Less transparent than a papal election

The government's secret political manoeuvres to create an alternative to Leveson undermine any claims they might have had to upholding the "Leveson principles".

Less than two hours after the Leveson report was published – just over 24 hours after he gained first sight of it – the Prime Minister rejected the report's central recommendation. But, in his same Parliamentary statement, he committed to creating a new, independent system of press self-regulation that adhered to the Leveson principles.

Having rejected the first he is now failing on the second.

Central to Leveson's criticisms of previous self-regulatory systems was the way in which they were set up. Each time, Leveson said, the industry focused on its own needs and not those of the public. Each time the result was a system that served the industry well but failed the public. Any new system, Leveson makes clear, should be set up in consultation with, and with the direct involvement of, the public - including the victims of press abuse.

This did not happen with the plan submitted by the industry to the Leveson Inquiry – the so-called "Hunt/Black" plan.
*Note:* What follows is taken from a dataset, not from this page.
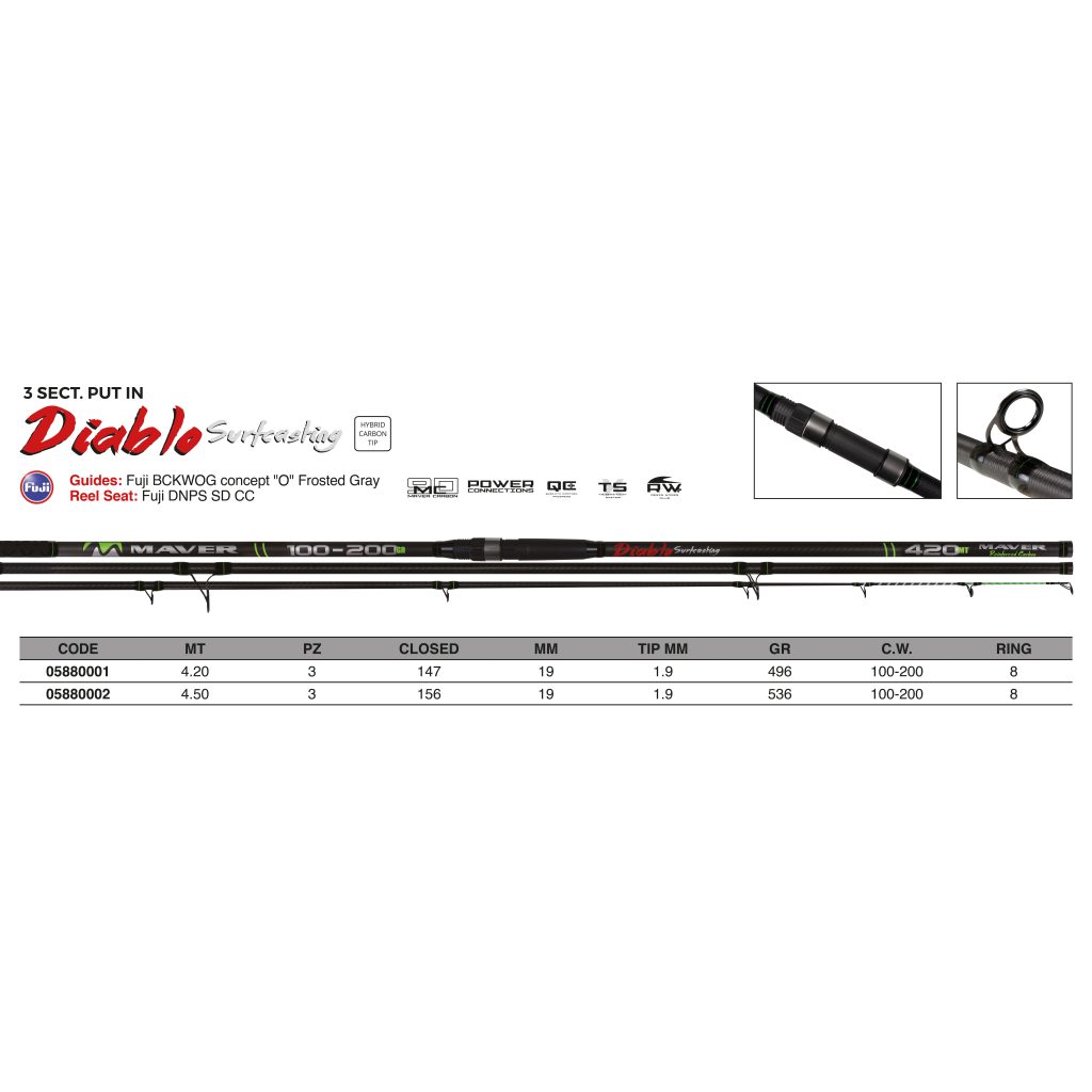 ITA: Pedone in carbonio alto modulo rinforzato a spirale, in grado di accumulare più energia in fase di lancio. Pezzo centrale ad elevata conicità, che permette un rilascio violento della potenza accumulata in fase di caricamento. Cima Hybrid in carbonio pieno, che aiuta a visualizzare le mangiate anche quando peschiamo a notevole distanza ed evita la “spiombata” in caso di mare mosso. Potenza extrema, un concentrato di tecnologia e materiali di altissima qualità, sapientemente distribuiti in maniera progressiva nei tre elementi che la compongono. Disponibile in due lunghezze (4.2 & 4.5 mt) con un range di casting molto ampio (130-250 gr) per adattarsi ad ogni condizione del mare e a svariate tecniche. Anelli e portamulinello Fuji di alta qualità, creati per durare nel tempo!!!

The judge said he found it remarkable that, even after all the revelations about phone hacking and press abuse, Lords Hunt and Black could develop a proposal without involving victims, civil society groups or working journalists.

Leveson writes:

I find it extraordinary that, given the acceptance by Lord Black and the newspaper industry that the current system of press regulation has lost public confidence, they did not regard public views on the matter as of sufficient interest or importance to make any effort to ascertain them. I find it more extraordinary that, having had its attention drawn to this point by the Inquiry, there is still no sign of the industry making any effort to understand public expectations in relation to press standards. This lack of interest in the views of the public may be symptomatic of the approach that the press has consistently taken towards regulation over many decades. It demonstrates the extent to which the press continue to prioritise their own interests, with consideration of the wider public interest only in as much as it applies to the importance of protecting the freedom of the press, and only then to the extent that they can appoint themselves the arbiter of it.
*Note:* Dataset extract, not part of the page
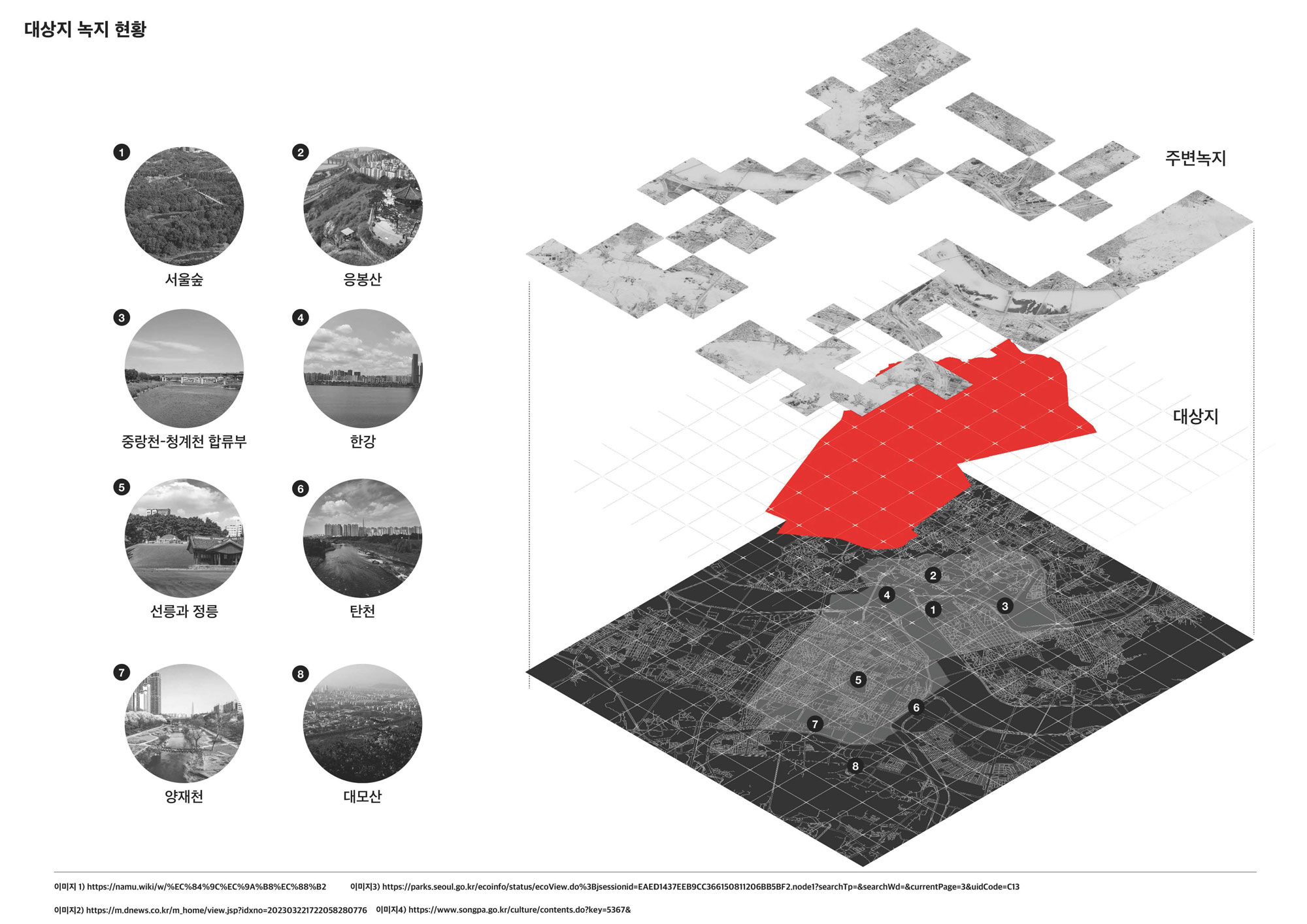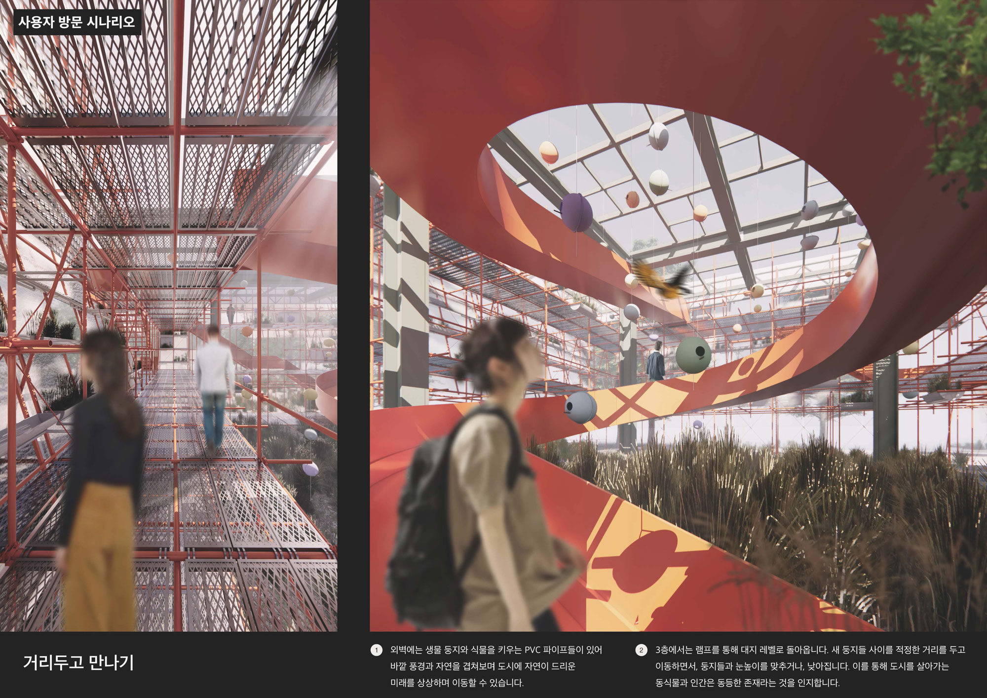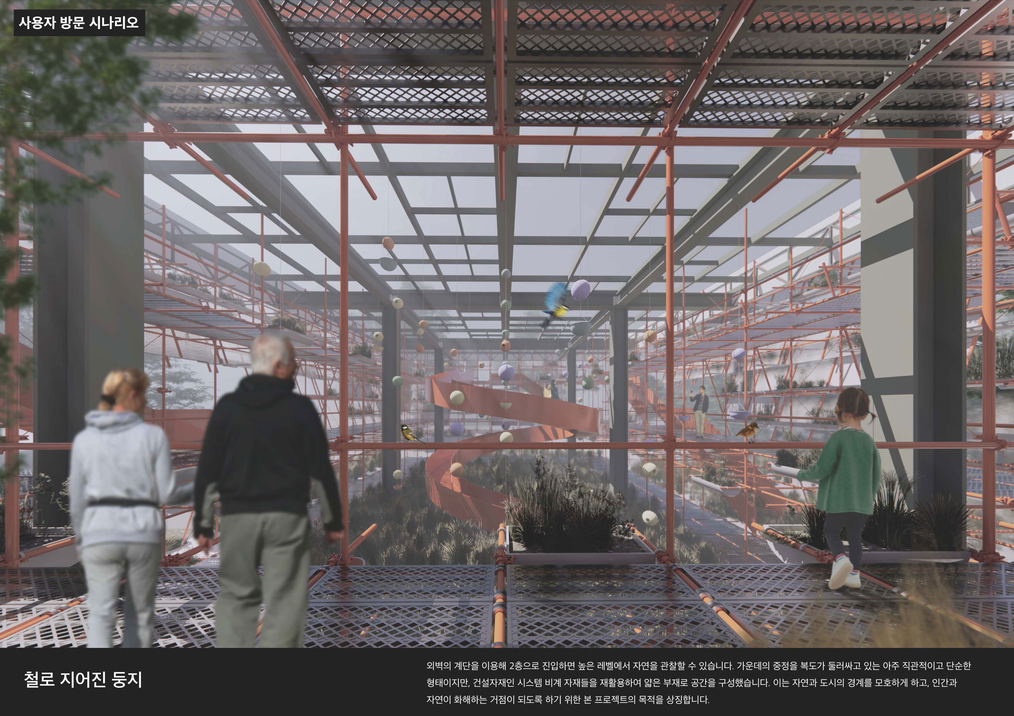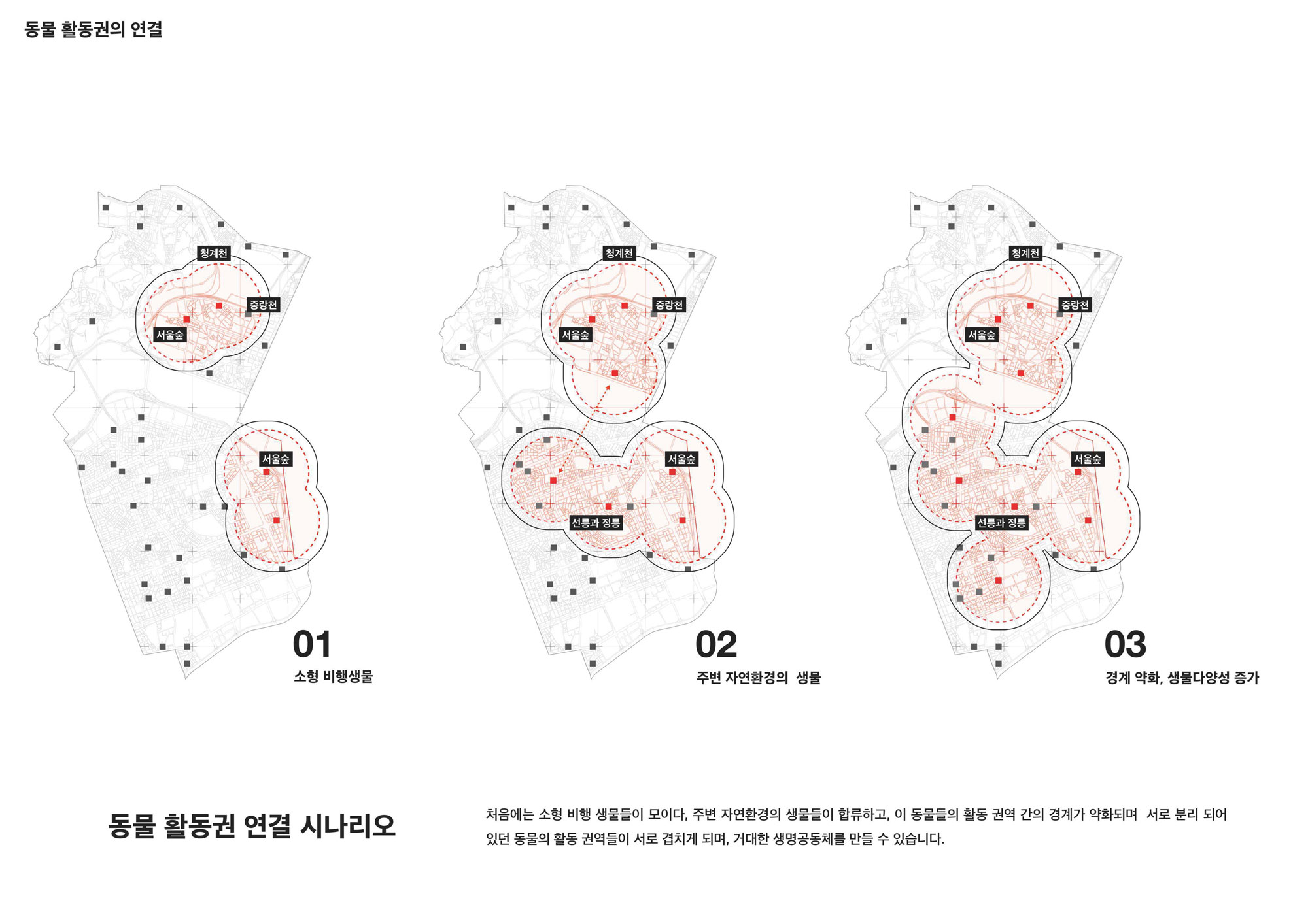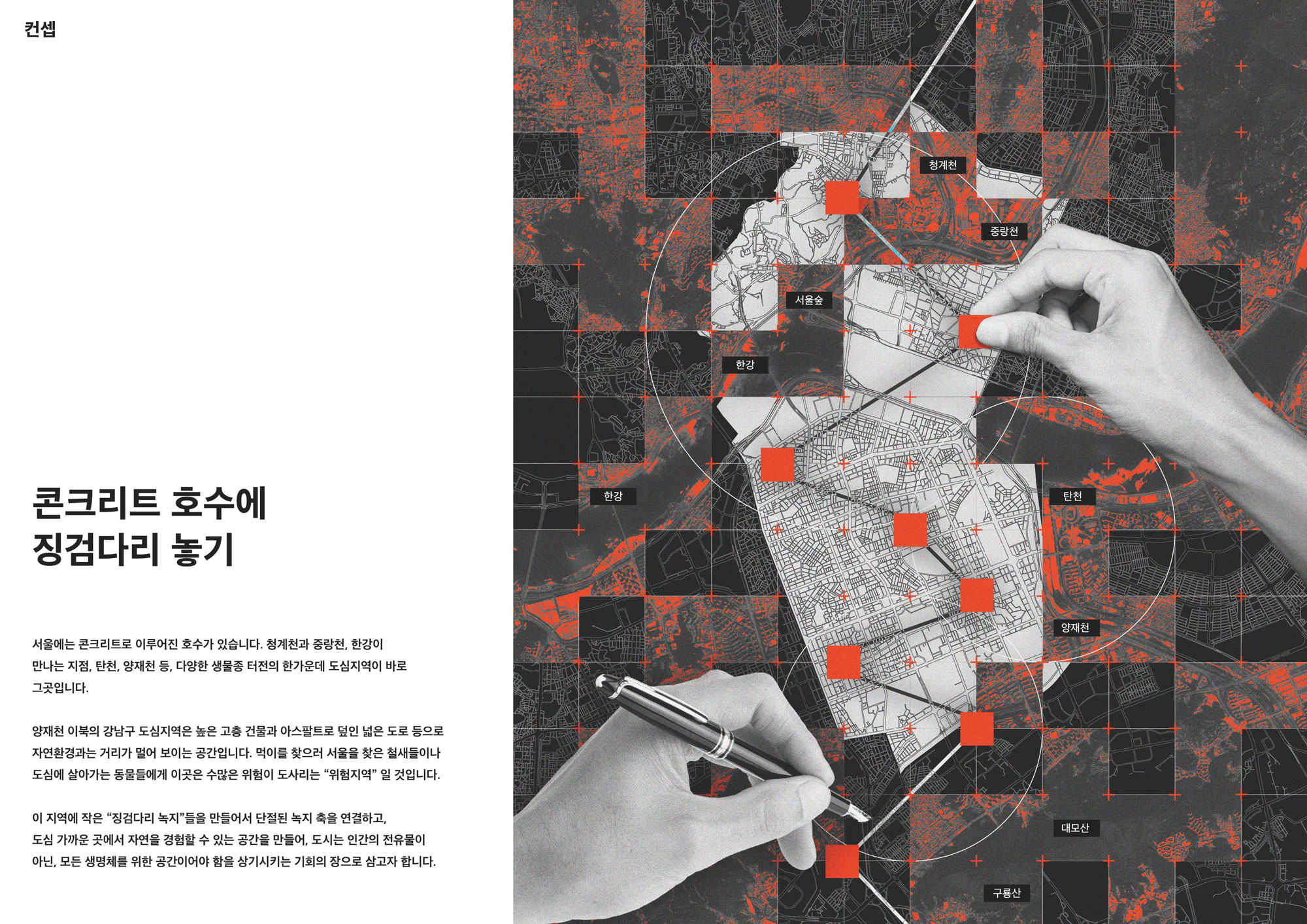 대부분의 건축물은 인간만을 고려하여 설계된다. 서울 강남의 도심지역은 건축물에 대한 개념이 없는 비인간 종 동물들에게 수많은 위험이 도사리는, 건널 수 없는 콘크리트 호수와 같다. 본 프로젝트에서는 양재천, 탄천, 서울숲 등 도심 주변의 다양한 서식지에서 살아가는 비인간 종 동물들이 안전하게 도심지역을 건널 수 있도록, 도심지역에 징검다리 녹지들을 설치하는 것을 목적으로 진행되었다. 작은 녹지들을 도심 내에 고르게 배치하여 단절된 녹지축을 재연결하고, 도심 가까운 곳에서 자연을 경험할 수 있는 공간을 만들어, 도시를 인간의 전유물이 아닌, 모든 생명체를 위한 공간으로 ‘리와일딩’하기 위한 기회의 장으로 삼고자 하였다.

As a result, the industry's plan, like so many others before it, was biased against the public, and against the victims of press abuse. "It is important to note," the judge writes on page 1622, "that the proposal put forward by Lord Black gives no rights of any sort to members of the public". This is why, he says, so many previous systems have failed and why the new one must be built differently. "I have said, many times," he continues, "that any new regulatory system must work for the public and for a system to work for the public it should have the rights and interests of the public at its heart." The proposal put forward by the industry "manifestly fails that test."
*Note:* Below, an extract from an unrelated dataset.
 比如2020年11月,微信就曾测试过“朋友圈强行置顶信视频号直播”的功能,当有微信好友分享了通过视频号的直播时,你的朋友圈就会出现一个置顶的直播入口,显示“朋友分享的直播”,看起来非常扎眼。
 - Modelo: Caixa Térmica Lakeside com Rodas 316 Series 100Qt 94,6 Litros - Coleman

If there was ever a "Leveson principle", this is it. A new system of independent self-regulation cannot be credible if it is not developed with the public at its heart, and done in an open, transparent and accountable way.

Yet this is the opposite of what is happening. A new system is being developed, at great speed, by senior government ministers and officials, and by newspaper editors and senior executives, entirely behind closed doors. Senior government figures are, we are told, devising an alternative to Leveson based on "Royal Charter", a use of Royal prerogative created almost a millennium ago and used mainly in the medieval and early modern period.

A more opaque, Byzantine solution to the problem Leveson was seeking to address would be difficult to invent. A less democratic, open and transparent vehicle is hard to conceive.

At the same time a group of editors and senior executives are meeting, it is reported, on an almost daily basis to thrash out a new system of self-regulation that is "Leveson-compliant". We do not know how they define Leveson-compliant, or even who is meeting or when since the process is shrouded in darkness.

At no stage in the last three weeks have either the editors or the government sought to make the process open or sought to include the victims, civil society groups, or working journalists.

To devise a solution in such an occluded and secretive manner contradicts the first Levesonian principle. If it does not change it will be the second betrayal of the public and victims in almost as many weeks.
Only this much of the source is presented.